A motivação exigida para a ECT quanto aos atos demissionais não se confunde com a justa causa preconizada na CLT, mas simplesmente se refere à necessidade de fundamentação do ato administrativo.

Palavras-chave: Supremo Tribunal Federal, RE 589998, motivação, dispensa, empregados, empresas estatais, empresas públicas, sociedades de economia mista, repercussão geral, irretroatividade, justa causa, exceção, regra constitucional, ECT, privilégios, prerrogativas, regime jurídico, empresas privadas, Art. 173, Constituição Federal.


Introdução

Com o julgamento, pelo Supremo Tribunal Federal, do recurso extraordinário (RE) 589998, em que decidiu ser obrigatória a motivação para a dispensa de empregados de empresas estatais e sociedades de economia mista, tanto da União quanto dos estados, municípios e do Distrito Federal, alguns questionamentos e interpretações doutrinárias e jurisprudenciais outras já começaram a surgir (notadamente quanto ao real alcance dos fundamentos do julgado adotado sob repercussão geral), inclusive quanto à aplicabilidade retroativa do entendimento, sua incidência geral sobre as empresas públicas ou de economia mista e, até, o real sentido da exigência de “motivação” dos atos demissionais, o que nos leva ao interesse imediato de manifestar nossas primeiras impressões sobre a matéria.


O caso líder

Notícia que ganhou recente notoriedade no mundo jurídico foi a decisão proferida pelo Egrégio Supremo Tribunal Federal, sobre a necessidade de motivação na dispensa de empregados de empresas públicas e sociedades de economia mista.

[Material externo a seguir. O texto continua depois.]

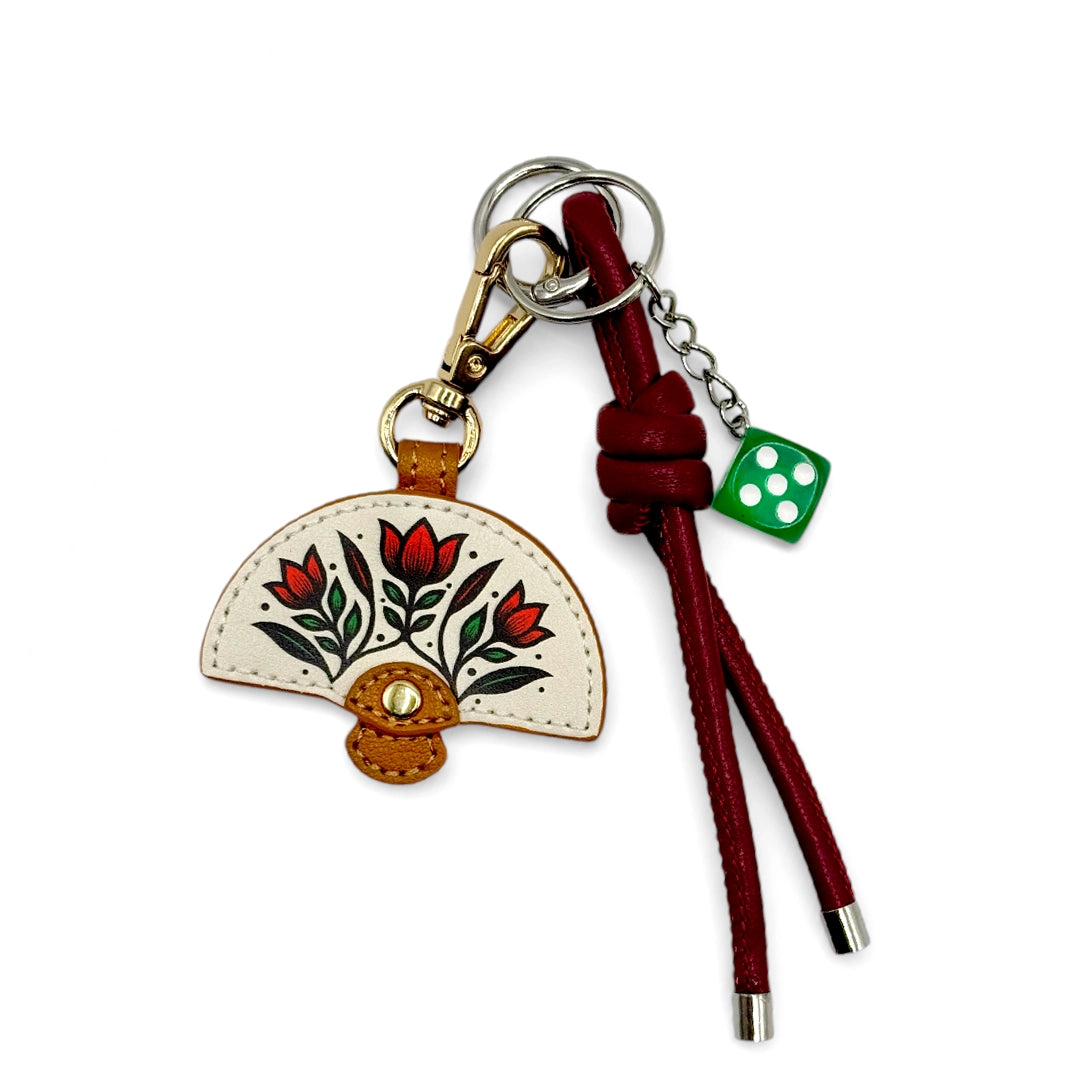 The Wild Rouge Ink Leather Charm takes the bold, floral energy of our fan design and turns it into an elegant accessory you can carry everywhere. Printed on high-quality PU leather and handmade by local artisans, this charm blends rich tattoo-inspired blooms with a luxe finish — perfect for adding personality to your bag, keys, or even your outfit.

Com efeito, o Plenário do Supremo Tribunal Federal julgou no último dia 20 de março (2013) o recurso extraordinário (RE) 589998 e decidiu que é obrigatória a motivação para a dispensa de empregados de empresas estatais e sociedades de economia mista, tanto da União quanto dos estados, municípios e do Distrito Federal.

Como a matéria constitucional teve repercussão geral reconhecida, o entendimento se aplica a todos os demais casos semelhantes – entre eles os mais de 900 recursos extraordinários que foram sobrestados no Tribunal Superior do Trabalho até a decisão do RE 589998.

A decisão ressalta, porém, que não se aplica a esses empregados a estabilidade prevista no artigo 41 da Constituição da República, garantida apenas aos servidores estatutários.

O caso julgado diz respeito a recurso extraordinário da Empresa Brasileira de Correios e Telégrafos (ECT) contra decisão do TST que considerou inválida a demissão de um empregado, por ausência de motivação. O entendimento do TST, contido na Orientação Jurisprudencial nº 247, da Subseção 1 Especializada em Dissídios Individuais (SDI-1), é no sentido de que a ECT, por gozar do mesmo tratamento destinado à Fazenda Pública em relação à imunidade tributária, execução por precatório, prerrogativa de foro, prazos e custas processuais, obriga-se também a motivar as dispensas de seus empregados.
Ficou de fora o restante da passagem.